=== Information shown ===
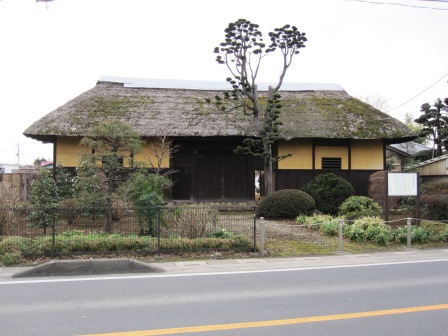 | 神社から100m先の北側に本陣の表門、すぐ先の南側に脇本陣の表門が残っている。 大門宿は元禄10年(1697)に正式に発足(本陣:1、脇本陣:1、旅籠:6) 会田家が、本陣、問屋を務めていた。将軍の日光参詣のときは、岩槻に宿泊したので、ここでは休憩する程度であったという。 茅葺の長屋門で、番所が付いているのが特徴であり、昭和44年の解体修理時に、元禄7年(1694)建立、文政7年(1824)修理の銘文が発見されたという。 |
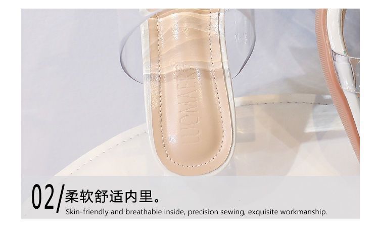 2025 여름 로우 힐 샌들 샌들 여성 슬리퍼 투명한 두꺼운 굽 프렌치 힐 새로운 스타일 인터넷 연예인스토어 가기
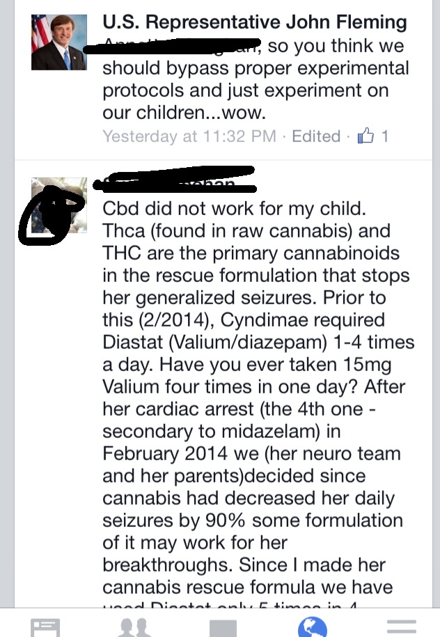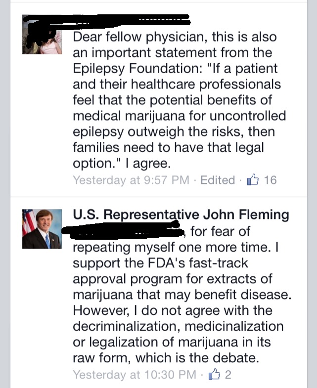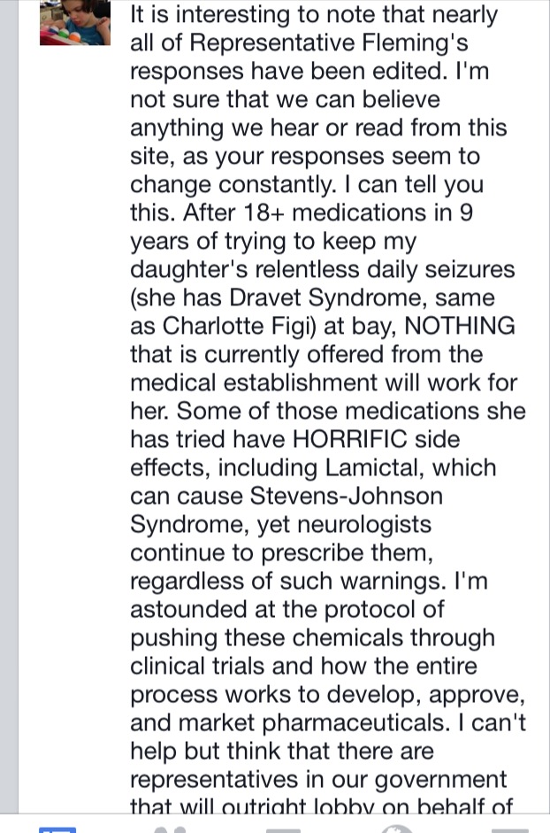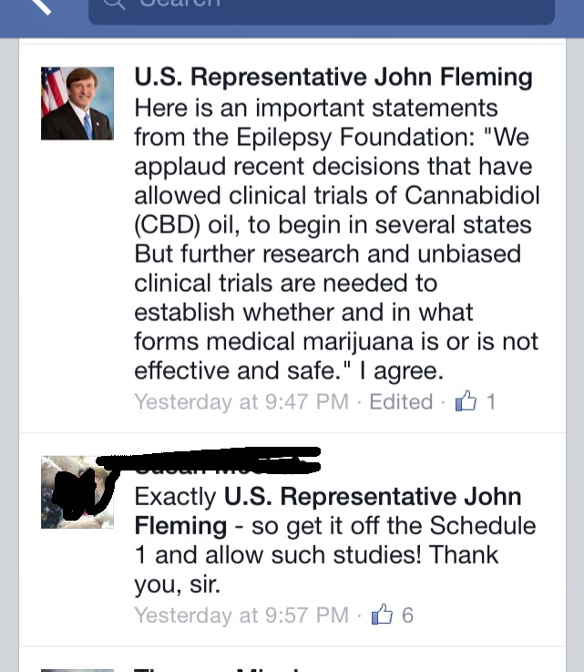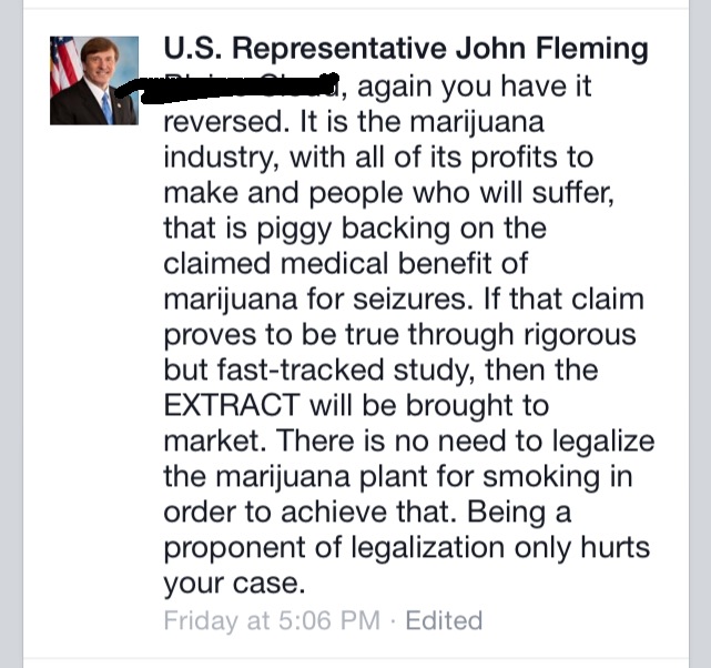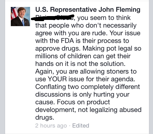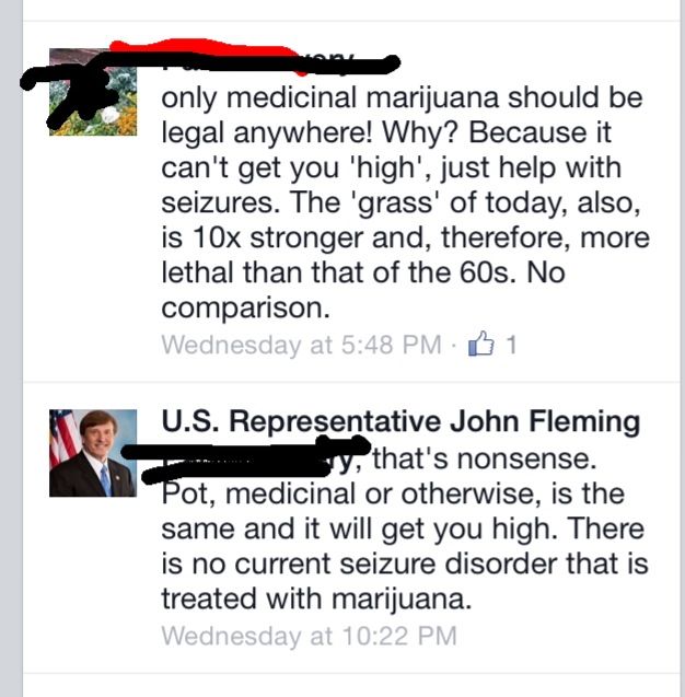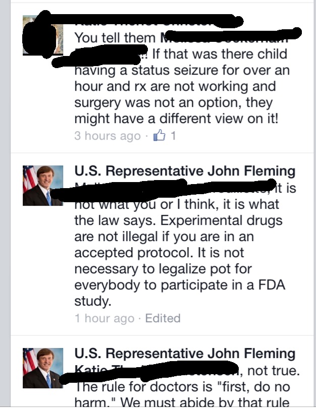I’m not the only one. Several people who talked about their kids got deleted. Interestingly, he started debating with one of the parents–also a doctor –and did not delete or block him. However, he DID delete a link to a YouTube video that this father had made about his daughter and medical cannabis to educate the public. Interesting. Rep. Fleming is so passionate about Facebook page maintenance that he even stayed up until midnight on a Friday to edit, delete, and condescend. Yes, condescend. You may wonder why I find this particular representative so interesting when he is obviously not the only one who opposes helping our kids. Well, though I was blocked, I still found myself quite fascinated poring through his page. It became clear that his page serves no purpose but to rile people up and be divisive. It’s not even about whether I agree with his views or not; it’s that he clearly uses it as a tool of stirring discontent. Don’t get me wrong. I pretty much expect to see Obama-slamming on most GOP pages, just as there is some over-the-top Obama adoration on the pages of many democrats. But I looked over a few other pages from other parties and none gave me the same disturbing hateful feel that I got from his. I expect these pages to have opinions and criticisms. But what I found from the other ones I looked at is that I could also find positive comments about something they were involved with, or that I didn’t have to scroll far to get an idea of legislation they were involved with. Fleming, on the other hand, just seems to bitch and moan. I know his opinions, but very little of what he’s doing about it. Those posts are good and buried. I’m in no way saying he is the only one who behaves like this, but there are just too many people in Congress for me to look at all the pages. I looked at four other Republicans and four Democrats just to see if this is the norm, but saw nothing like this. All the pages are going to have rude comments from the public…the difference is that most of these other pages don’t seem as heavily moderated in that area. So when you make a point to delete and moderate heavily, you are implicitly showing support for what you leave in view.
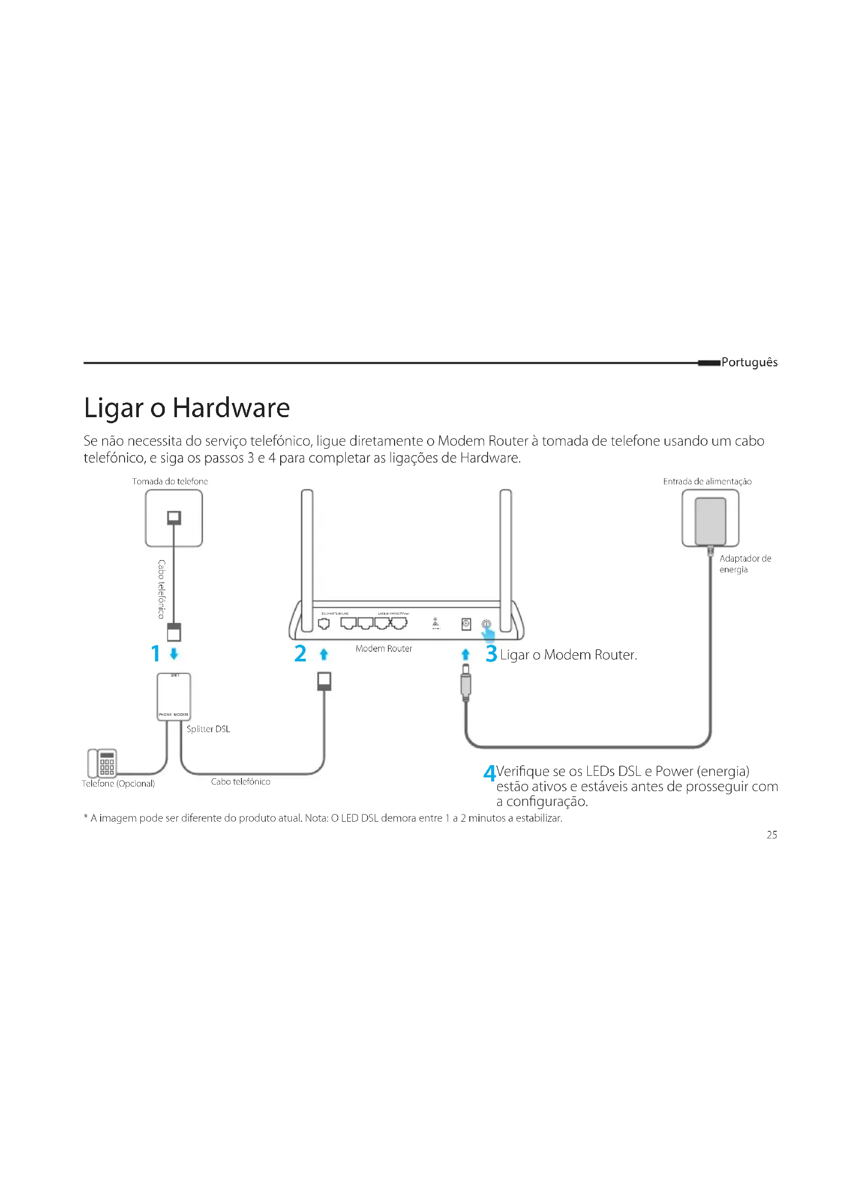 Ligar o Hardware Se não necessita do serviço telefónico, ligue diretamente o Modem Router à tomada de telefone usando um cabo telefónico, e siga os passos 3 e 4 para completar as ligações de Hardware. PHONE LINE MODEM

=== Aim of the task ===
Transcribe the listing in full. Leave the pictures out.

=== Response to this exercise ===
 | 神社から100m先の北側に本陣の表門、すぐ先の南側に脇本陣の表門が残っている。 大門宿は元禄10年(1697)に正式に発足(本陣:1、脇本陣:1、旅籠:6) 会田家が、本陣、問屋を務めていた。将軍の日光参詣のときは、岩槻に宿泊したので、ここでは休憩する程度であったという。 茅葺の長屋門で、番所が付いているのが特徴であり、昭和44年の解体修理時に、元禄7年(1694)建立、文政7年(1824)修理の銘文が発見されたという。 |
 2025 여름 로우 힐 샌들 샌들 여성 슬리퍼 투명한 두꺼운 굽 프렌치 힐 새로운 스타일 인터넷 연예인스토어 가기
I’m not the only one. Several people who talked about their kids got deleted. Interestingly, he started debating with one of the parents–also a doctor –and did not delete or block him. However, he DID delete a link to a YouTube video that this father had made about his daughter and medical cannabis to educate the public. Interesting. Rep. Fleming is so passionate about Facebook page maintenance that he even stayed up until midnight on a Friday to edit, delete, and condescend. Yes, condescend. You may wonder why I find this particular representative so interesting when he is obviously not the only one who opposes helping our kids. Well, though I was blocked, I still found myself quite fascinated poring through his page. It became clear that his page serves no purpose but to rile people up and be divisive. It’s not even about whether I agree with his views or not; it’s that he clearly uses it as a tool of stirring discontent. Don’t get me wrong. I pretty much expect to see Obama-slamming on most GOP pages, just as there is some over-the-top Obama adoration on the pages of many democrats. But I looked over a few other pages from other parties and none gave me the same disturbing hateful feel that I got from his. I expect these pages to have opinions and criticisms. But what I found from the other ones I looked at is that I could also find positive comments about something they were involved with, or that I didn’t have to scroll far to get an idea of legislation they were involved with. Fleming, on the other hand, just seems to bitch and moan. I know his opinions, but very little of what he’s doing about it. Those posts are good and buried. I’m in no way saying he is the only one who behaves like this, but there are just too many people in Congress for me to look at all the pages. I looked at four other Republicans and four Democrats just to see if this is the norm, but saw nothing like this. All the pages are going to have rude comments from the public…the difference is that most of these other pages don’t seem as heavily moderated in that area. So when you make a point to delete and moderate heavily, you are implicitly showing support for what you leave in view.
 Ligar o Hardware Se não necessita do serviço telefónico, ligue diretamente o Modem Router à tomada de telefone usando um cabo telefónico, e siga os passos 3 e 4 para completar as ligações de Hardware. PHONE LINE MODEM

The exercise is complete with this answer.